In the film’s determination to bring Hitler’s regime down to earth, Nazism has never seemed so banal. But while this may resonate with Hannah Arendt’s seminal analysis of evil in Eichmann in Jerusalem (1963), in Downfall it often seems to result in a kind of subdued reassurance, as yet again we see the 20th century’s central monster resuscitated and satisfyingly killed off. This is emotionally understandable, but seems more the product of fear and ritual catharsis than analytical insight. Downfall is definitely worth seeing and arguing about–it is far preferable for a nation to over normalise or de-mythologise the darkest moment of its history than to re-write or avoid it entirely.

Heimat: intimate epic

Weighty themes are played out on a much larger canvas with the latest instalment of the Heimat series, written and directed by Edgar Reitz.
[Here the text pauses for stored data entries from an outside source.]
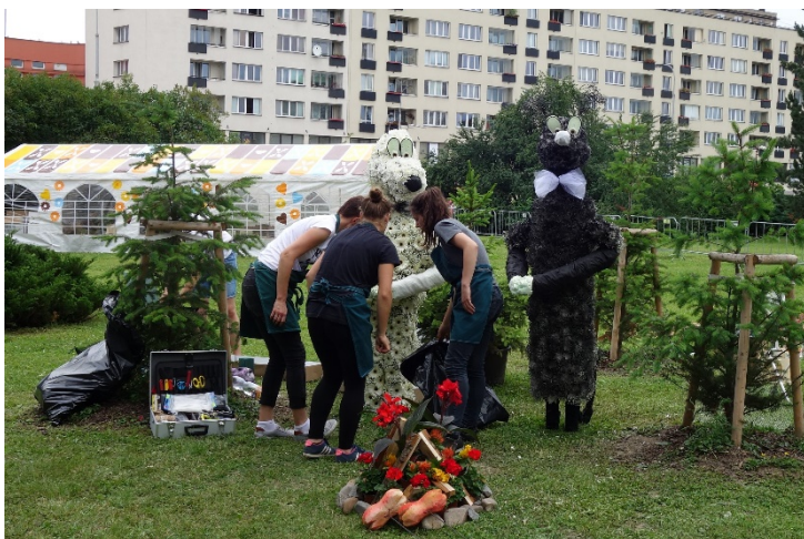
Haviřov v květech v sobotu 16. června 2018. Díla floristů: večerníček O Štaflíkovi a Špagetce.
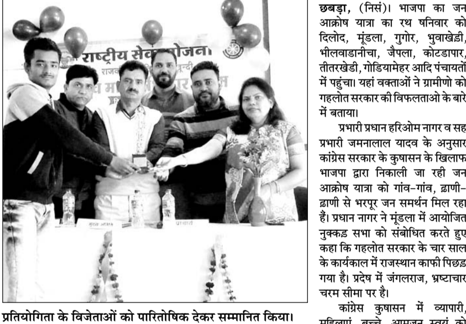
प्रतियोगिता के विजेताओं को पारितोषिक देकर सम्मानित किया।

बून्दी (निसं)। राजकीय महाविद्यालय में संचालित राष्ट्रीय सेवा योजना द्वारा कुशल भारत-सशक्त भारत थीम पर शिबिर आयोजित किया गया।
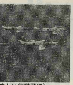
(勇ましい編隊飛行)

高価なものです。植えられた桜は全くとってしまわれスカイスクーター、プランコは一体ごとへ行ったのでしょうか。この姿が現在の荒れ果てた遊園地です。心ない少数の人の仕打ちに子供は声を出して泣いています。
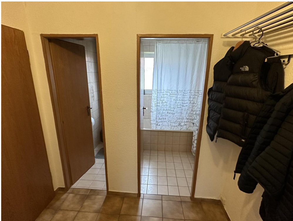
Blick in den Flur 3 (Bad/WC)
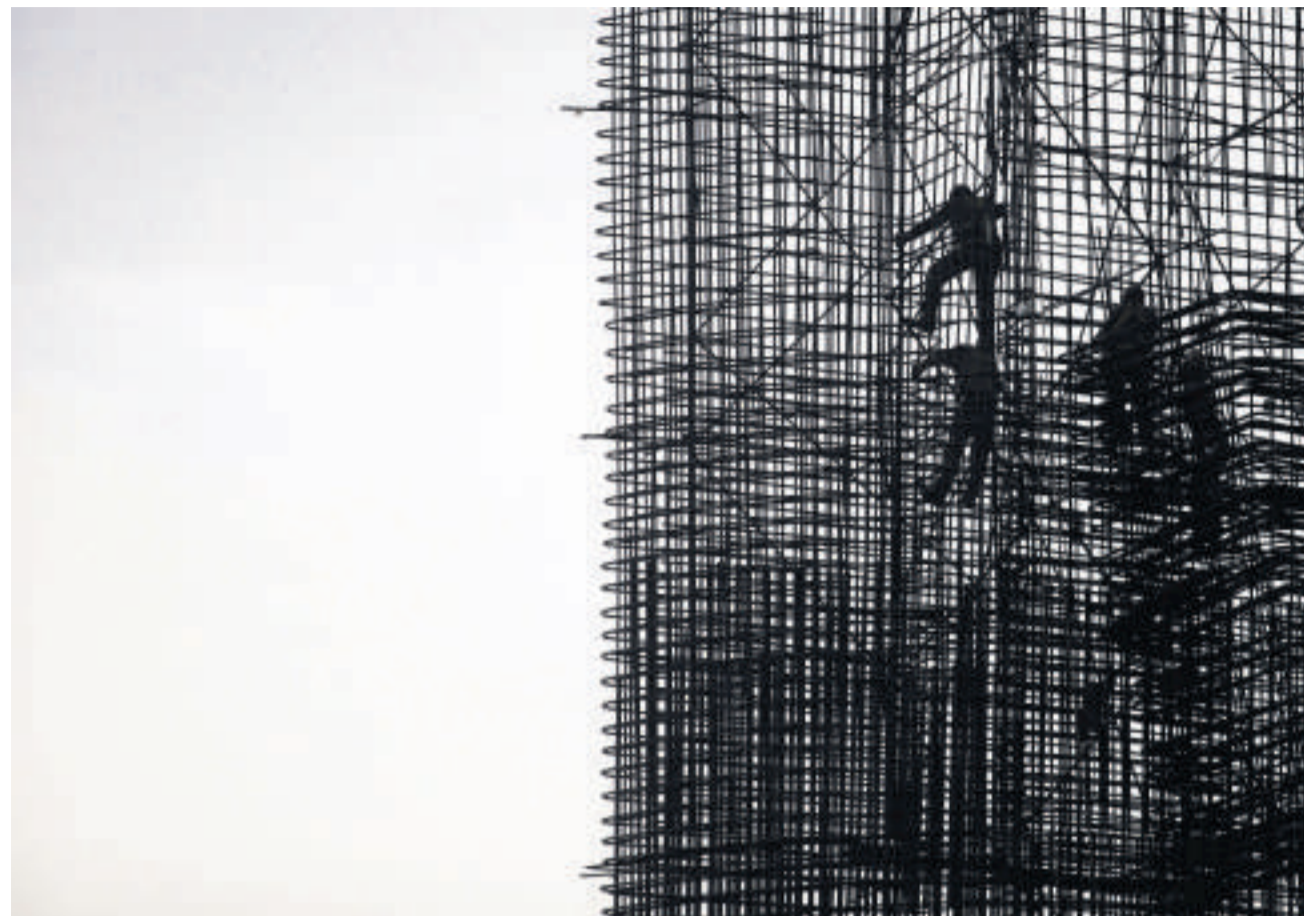
Wer körperlich nicht zu hart arbeiten muss, bewahrt sich die Arbeitsfähigkeit bis ins hohe Alter.
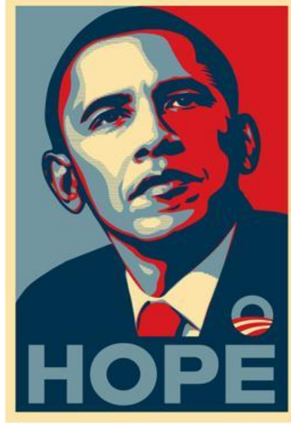
Görsel 2.9 Shepard Fairey, Hope, 2008, litografi, 86 × 61 cm. Kaynak: https://www.artic.edu/artworks/229396/barack-obama-hope-poster

Amerika başkanlık seçimleri için Barack Obama'nın seçim kampanyası posterini tasarlayarak (bkz. Görsel 2.9) dikkat çekmiş, 2017 yılında Münih'te gerçekleşen Stroke Art Fair (bkz. Görsel 2.10) gibi pek çok fuarda yer almıştır.
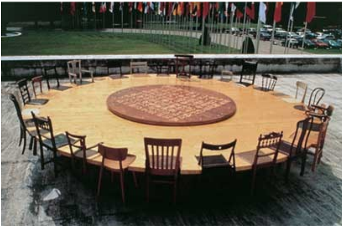
Figure 1 : Chen Zhen, Round Table , exposition Dialogue de Paix , ONU, Genève

de réviser la définition des "Autres" » 19 . Tout le monde dans ce monde de Chen Zhen est l'autre, y compris lui-même ; tout comme l'idée bouddhiste de Anatman (tous les dharmas sont non-soi). Fait intéressant, Chen Zhen a également douté dans sa théorie Transexperience : « Curieusement, les artistes non occidentaux, qui font partie des "autres", ne se demandent jamais comment définir à leur tour ceux qui les ont ainsi désignés ». Oui, la plupart des artistes contemporains chinois qui sont entrés dans les pays occidentaux dans les années 1980 sont habitués à se considérer comme des « autres ». Ils mettent encore l'accent sur leur identité chinoise, en utilisant des œuvres exotiques pour explorer l'hégémonie culturelle mondiale, le colonialisme, les conflits raciaux et d'autres problèmes par le biais d'euphémismes ou de métaphores. Ils croient tous fermement qu'« il n'y a pas de poisson lorsque l'eau est trop claire » ( Shui ze qing ze wu yu 水至清则无鱼), et ils aiment « Fais du bruit à l'Est et attaque à l'Ouest » ( Sheng dong ji xi 声东击西). Ils sentent également que le monde est « Je suis en toi et tu es en moi » ( wo zhong you ni, ni zhong you wo 我中有你, 你中有我), et tout le monde est un autre naturel.
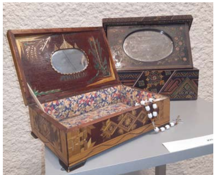
Jono Kadžionio tremtyje išdrožtos dėžutės...
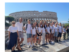
Junge Gemeinde in Rom
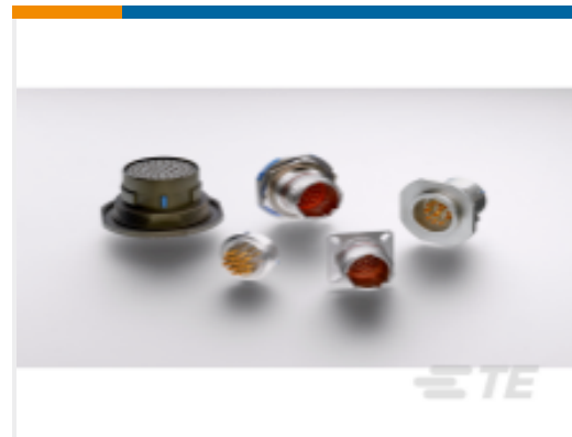
TE 产品编号YDTS24N15-97CNV001 HERM RECP

This is the third cycle of Reitz’s films around the theme of 20th Century German cultural identity and ‘heimat’ (the closest English translation is ‘homeland’). The first 2 were released in the 1980s and 90s respectively. Heimat 3–A Chronicle of Endings and Beginnings (Heimat 3–Chronik einer Zeitenwende) comprises 6 films covering the period from 1989 to 2000.

The emphasis is on personal and small-scale layers of social history as the films follow the fortunes of famous conductor Hermann (played by festival guest Henry Arnold) and singer Clarissa, who meet on the night of November 9, 1989–the evening the Berlin Wall came down. They impulsively rekindle an ancient affair and buy an old cottage outside Schabbachm overlooking the Rhine River near the Luxembourg border (Hermann’s fictionalised rural hometown from the first Heimat series). They then set about rebuilding their blatantly symbolic house once occupied by a German Romantic poet. The first film in the series proceeds to set up both the hopefulness and one-sided economic and political reality of a reunified Germany, with East German builders and engineers coming to the West to rebuild the house.
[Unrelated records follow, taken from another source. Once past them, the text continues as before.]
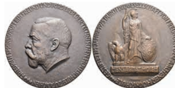
1403 Aachen, Bronzegussmedaille (Dm. ca. 91,4 mm, ca. 279,8 g), 1925, von Bagdons, auf Friedrich Springorum (Freund und Förderer der TH Aachen). Av: Kopf nach links. Rev: Stehende weibliche Gestalt mit Schild und Speer neben Adler auf Sockel mit Spruch. Hsp., vz. (Abbildung auf 45% verkleinert) 50,—

Eichen- Lorbeerzweig, darunter 3 Zeilen Schrift. Kl. Rf., vz-gussfrisch. 50,—
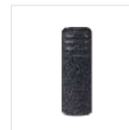
Clip para cinturón
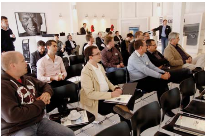
De fleste hi-fi skribenter fra Skandinavia var samlet på lydseminar i København
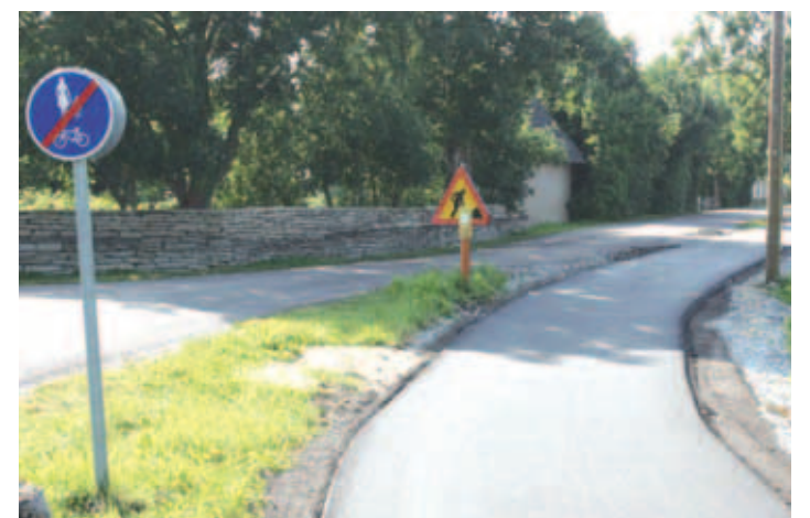
Liivamäe-Kuusiku tee vaheline kergliiklustee
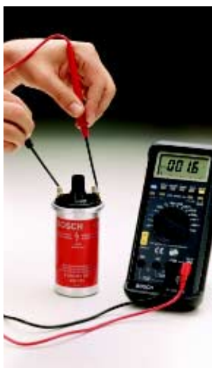
◀ Medición del enrollamiento primario
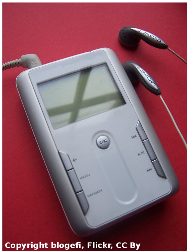
Baladeur numérique

Les balados sont en quelque sorte des émissions maison diffusées sous la forme de fichiers MP3. On peut les télécharger à la pièce ou utiliser un logiciel spécial qui permet de recevoir automatiquement par abonnement des balados sur son baladeur. Il s'agit le plus souvent de fichiers audionumériques, mais on commence à en trouver sous forme vidéo. En quoi la baladodiffusion inquiète-t-elle? Parce qu'il y a de plus en plus de balados pornographiques et que les filtres et autres outils de contrôle parental sont incapables de déterminer le contenu d'un fichier MP3. Bref, il est très difficile pour les parents de vérifier ce que leurs enfants écoutent sur leur baladeur.
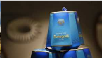
Melegatti riparte, pandori a ruba nei negozi
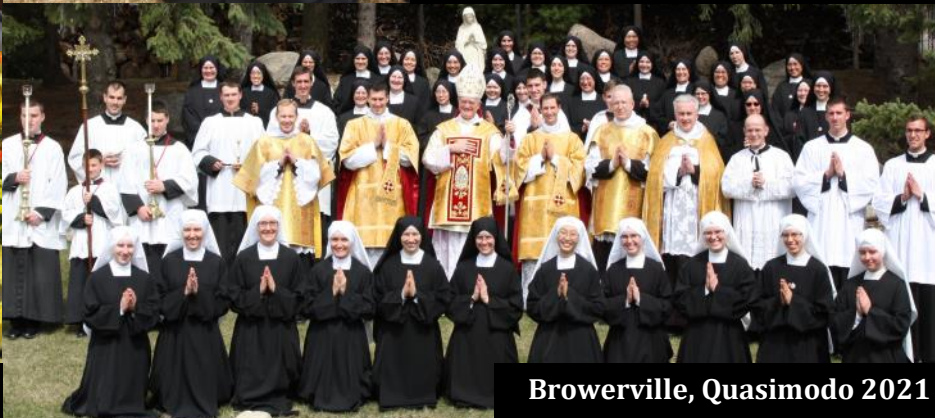
Browerville, Quasimodo 2021
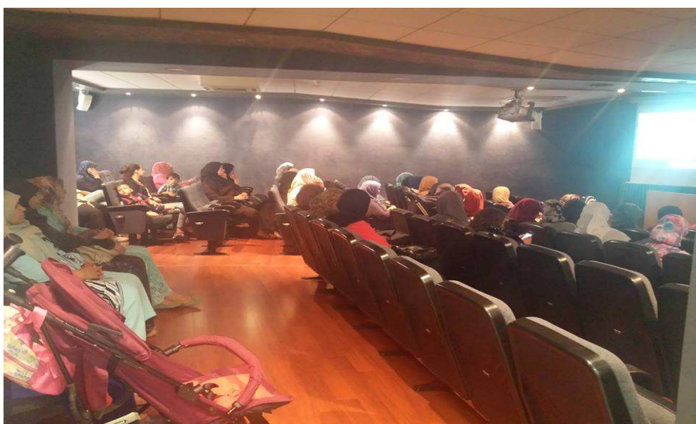
Una de les activitats de l'associació Hidayat de Mataró

La percepció que es té dels col·lectius de dones immigrades per part de les dirigents de les associacions de dones és que participen molt poc en la vida sociocultural del municipi. Una percepció que es basa en la realitat visible però obvia la realitat de fons que fa que aquestes dones no participin tant: el desconeixement de l'idioma i de l'entorn, el baix nivell d'estudis, la manca d'interès en activitats en les que no s'identifiquen, etc. Si es fes un treball d'aproximació basat en l'intent d'entendre aquesta realitat, trobar espais en comú on poden compartir sabers fer, de ben segur que poc a poc i pal·liant les dificultats abans esmentades, es pot arribar a aconseguir la participació d'una part d'aquestes dones; totes no perquè les dones autòctones tampoc participen totes.
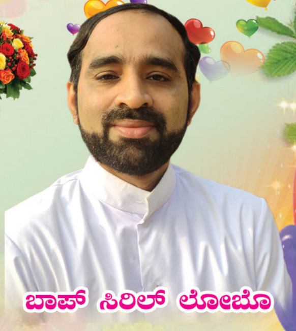
ಬಾಪ್ ಸಿರಿಲ್ ಲೋಹೊ
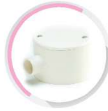
กล่องพักสายกลม 1 ทาง สีขาว (BS) 16-25 มม. (3/8"-3/4")
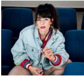
Philémone © Daniela Faurel
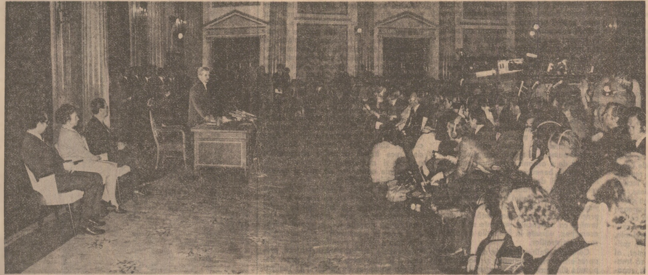
pentru a exprima public multumirilor acestor două state pentru felul cum au înțeles să-și exprime solidaritatea și să ajute România în aceste momente.

RĂSPUNS: Am spus deja că mai multe state au trimis, de la început, medicamente.
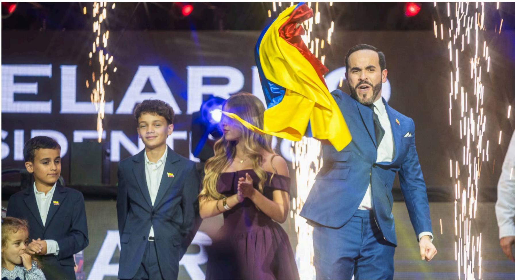
Petro logró ser presidente bajo el discurso anti establecimiento y, por la misma razón, Abelardo De la Espriella tiene tanta popularidad.

El elector fijaba su mirada en la preparación que debía tener un actor político
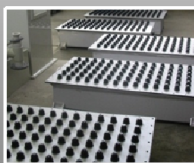
Så er der dømt dysebund!
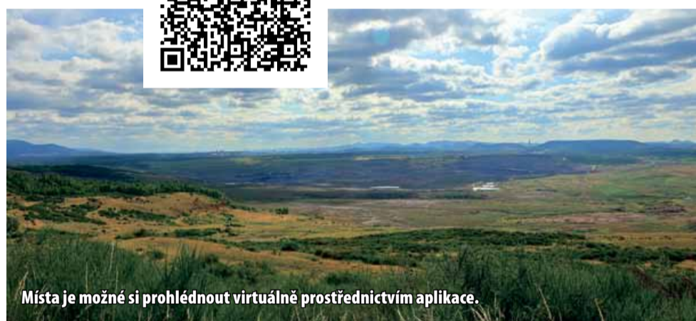
Místa je možné si prohlédnout virtuálně prostřednictvím aplikace.
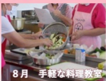
8月 手軽な料理教室
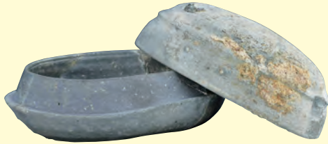
3 蓋杯 古墳時代(6世紀) 牛頭窯 福岡県大野城市牛頭本堂遺跡群出土 大野城市

須恵器の新技术である「ロクロ」の導入は、整った形の器を効率よく作ることを可能にし、規格的な器が生産されるようになりました。そのため、人々の生活様式や価値観の変化は、器の形にも敏感に表れるようになります。たとえば、6世紀に伝来した仏教文化は、関連什器として金属製の器をもたらしました。須恵器は7世紀になるとそのデザインを取り入れた器が作られるようになり(写真4)、古墳時代の器(写真3)から様変わりします。

Like its predecessors, Heimat 3’s intimate approach to epic themes is both a central strength and weakness. Sometimes I was yearning for a more ‘big-picture’ context to glean a deeper, more politically engaged historical analysis of post-reunification Germany, but also to nullify criticisms that Reitz soft-pedals the more politically problematic aspects of the notion of ‘heimat.’ Although representing ultra urbane values, Hermann is very tolerant of his family and the village from which he once fled, and his character is rather bland, too perfect. One angst-ridden visit to a brothel accounts for the only time in which he appears anything but a successful yet sensitive, attractive and highly cultured German man who wants to enjoy the bucolic charms of the Rhine Valley when not conducting in the concert halls of Europe. His profession could have been more thoroughly utilised to comment upon Germany’s cultural heritage and the role of art in social, cultural and political change. Then again this may have detracted from Reitz’s rural vision of reconciliatory ‘heimat.’

As it develops, Heimat 3 becomes more adventurous, dark and complex in its intimate yet epic portrayal of post-reunification Germany. While the whole enterprise at times plays out as high-class soap opera, it is definitely worth devoting a day to see these films. The sheer ambition and scope of the entire Heimat series makes for a substantial dramatic engagement with contemporary European history and culture. That such an engagement comes from a filmmaker working in Germany, a modern yet tradition-obsessed country that has been home to the very best and very worst of Western culture, makes for compelling viewing.

Reconciliations

While it is not as immediately concerned with reunification as Heimat 3, the union of East and West is also a theme in last year’s most commercially successful German film, Go for Zucker. Directed by Dani Levy, it tells the amusing story of a pious rabbi from the former West Germany who meets his much poorer, ‘Godless Communist’ brother from East Berlin when their mother dies and they have to resolve their differences before her will can be read. Described by the festival as “the first post-1945 German-Jewish comedy made in Germany”, the film offers a humanist, reconciliatory message while making some telling social points about a self-described “loser of reunification.”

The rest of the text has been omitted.